Parallel Old is a garbage collector for the old version of Parallel Scavenge. The use of multi-threaded mark sorting algorithm This collector has only been provided since JDK1.6

Features: Multi-threaded, using mark-sort algorithm.

Application Scenario: Focus on high throughput and CPU resource-sensitive occasions, you can give priority to Parallel Scavenge + Parallel Old collector.
Parallel Old Collector

Concurrent Mark Sweep

The CMS (Concurrent Mark Sweep) collector is a collector for the purpose of obtaining the shortest recovery pause time.

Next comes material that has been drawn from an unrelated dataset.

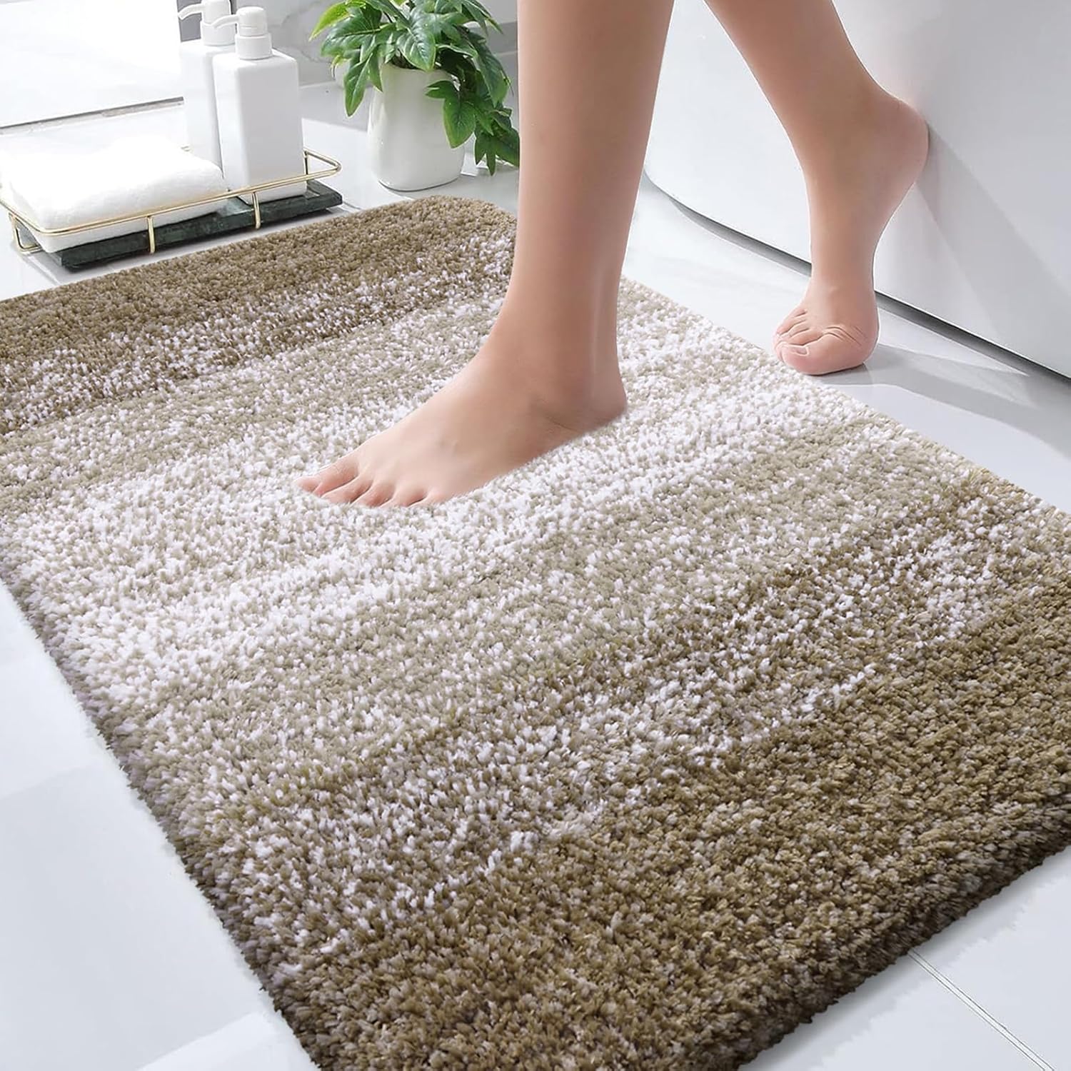 - [Ultra-Absorbent and Quick-Drying] Our bath mat features a soft shaggy microfiber fabric that absorbs water as you step out of the bath, shower, or while getting ready by the sink. The mat's deep pile efficiently traps moisture, allowing it to dry quickly and keep your rug clean and dry.
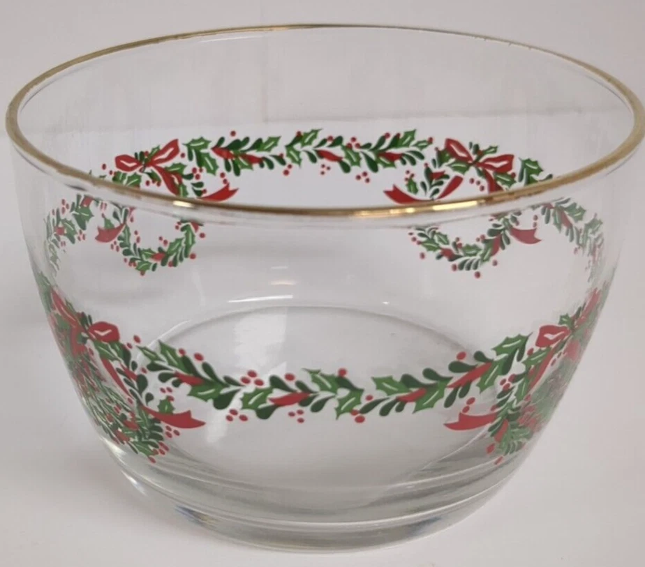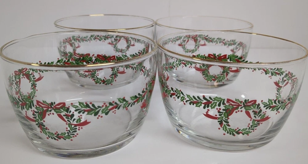 This set of 4 vintage Libbey salad bowls features a festive Holly Berry pattern, making them perfect for a Christmas occasion. The bowls are made of clear glass with red and green accents, showcasing a round shape and a wreath design. These charming bowls are ideal for serving desserts or salads during the holiday season, adding a touch of festive flair to any table setting.

The characteristics of the CMS collector are: based on the mark-sweep algorithm. Concurrent collection, low pause

Application scenario: It is suitable for scenarios where the response speed of the service is emphasized, and the system pause time is expected to be the shortest to bring users a better experience. Such as web programs, b / s services.
CMS collector
The whole process is divided into 4 steps:

  1. The initial mark (CMS initial mark) marks the objects that GC Roots can directly reach. The speed is very fast but there are still Stop The World problems.
  2. Concurrent mark (CMS concurrnet mark) performs GC RootsTracing to find out the surviving objects and user threads can execute concurrently.
  3. Rewrite mark (CMS mark) The change phase is to correct the mark record of the part of the object that changes the mark due to the continued operation of the user program during the concurrent mark. The time of the change phase is longer than the initial mark and the concurrent mark is shorter
  4. CMS concurrent sweep cleans up garbage objects. At this stage, the collector thread is executed concurrently with the user thread

Disadvantages

  • The mark-clearing algorithm is used, and memory fragmentation occurs. As a result, large objects cannot allocate space and have to trigger a Full GC in advance.
  • It is very sensitive to CPU resources. The less CPU, the greater the impact on the program. The default recycling thread is: (number of CPU cores +4) / 4 round up
  • When the floating garbage is concurrently cleaned, the thread is still running and must reserve memory for the user thread. If the reserved space cannot meet the user thread, a Concurrent Mode Failure will be reported and Serial Old will be used for garbage collection.

G1

The G1 algorithm divides the heap into several areas. It is still a generational collector. However, some of these areas contain a new generation. The new generation garbage collector still suspends all application threads to survive objects. Copya to the old generation or the surviving generation. The old generation is also divided into many areas. The G1 collector completes the cleaning work by copying objects from one area to another area, which means this. During normal processing, G1 completes the heap compression, so there will be no CMS memory. The problem of fragmentation exists, suitable for scenarios: server-side applications

G1 features

Parallelism and Concurrency: G1 can make full use of the hardware advantages in multi-CPU and multi-core environments, and use multiple CPUs to shorten the stop-the-world pause time. Some collectors originally need to pause the Java thread to perform GC actions. The G1 collector can still allow Java programs to continue running in a concurrent manner.
Generational collection: G1 can manage the entire Java heap by itself, and use different methods to process newly created objects and old objects that have survived for a while and survived multiple GCs to obtain better collection results.
Space integration: G1 does not generate space debris during operation, and can provide regular and available memory after collection.
Predictable pauses: In addition to pursuing low pauses, G1 can also establish predictable pause time models. Allows the user to specify that within a period of M milliseconds, the time spent on garbage collection must not exceed N milliseconds.
Insert picture description here

Operation steps of G1

Schematic diagram of G1 collector operation
Initial mark: Only mark the objects that GC Roots can directly reach, and modify the value of TAMS (Next Top at Mark Start) to allow the next stage of the user program to run concurrently and create new objects in the correct available Region. (Thread stalls are required, but take a short time.)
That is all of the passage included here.